● **Dataset excerpt**
◇ ◇ ◇ ◇ ◇ ◇ ◇

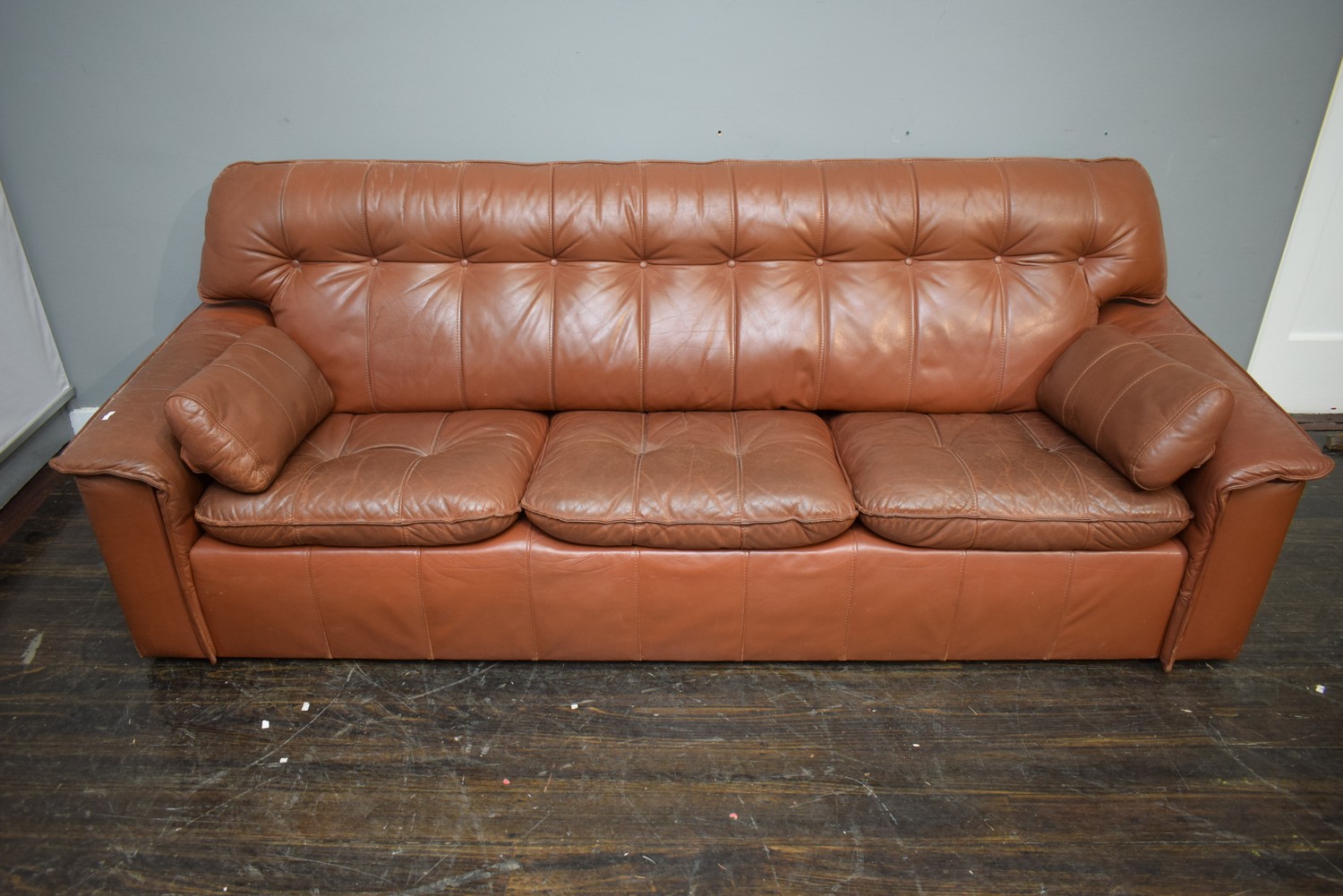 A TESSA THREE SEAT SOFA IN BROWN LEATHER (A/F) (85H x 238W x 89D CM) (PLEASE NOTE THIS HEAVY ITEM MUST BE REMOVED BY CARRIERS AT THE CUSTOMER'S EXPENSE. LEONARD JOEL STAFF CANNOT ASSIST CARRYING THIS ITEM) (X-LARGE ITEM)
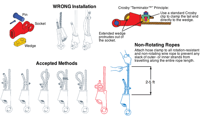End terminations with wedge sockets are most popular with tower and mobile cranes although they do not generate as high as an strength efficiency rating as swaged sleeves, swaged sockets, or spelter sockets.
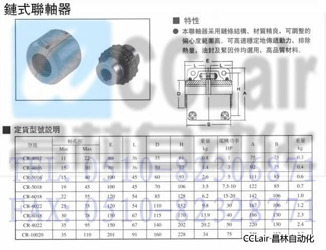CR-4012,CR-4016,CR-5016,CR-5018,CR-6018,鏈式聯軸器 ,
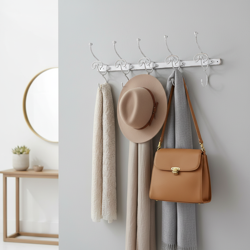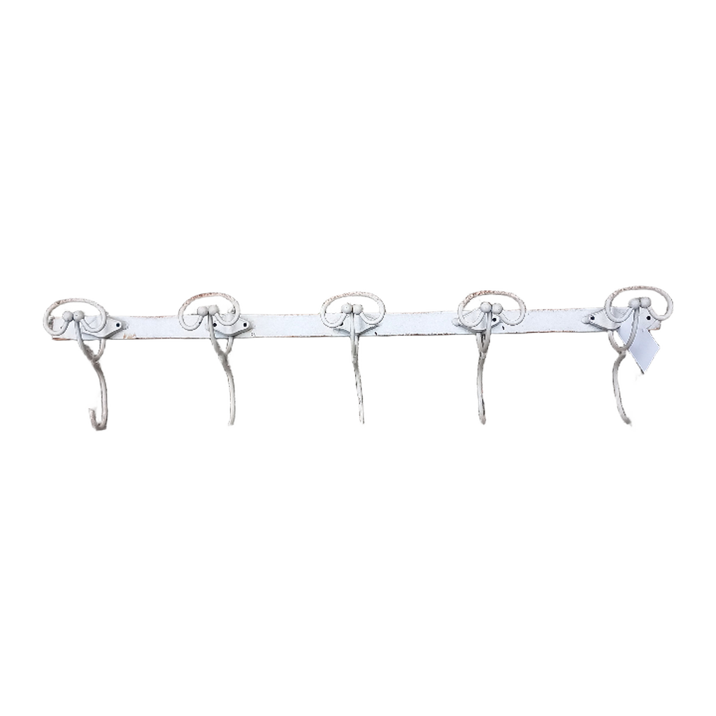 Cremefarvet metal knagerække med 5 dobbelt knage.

◇ ◇ ◇ ◇ ◇ ◇ ◇

● **Task objective**
Take the lines from the one that contains "End terminations with" down to the last line of the listing above, both included, and set them down exactly, leaving out pictures.

● **Result**
End terminations with wedge sockets are most popular with tower and mobile cranes although they do not generate as high as an strength efficiency rating as swaged sleeves, swaged sockets, or spelter sockets.
CR-4012,CR-4016,CR-5016,CR-5018,CR-6018,鏈式聯軸器 ,
 Cremefarvet metal knagerække med 5 dobbelt knage.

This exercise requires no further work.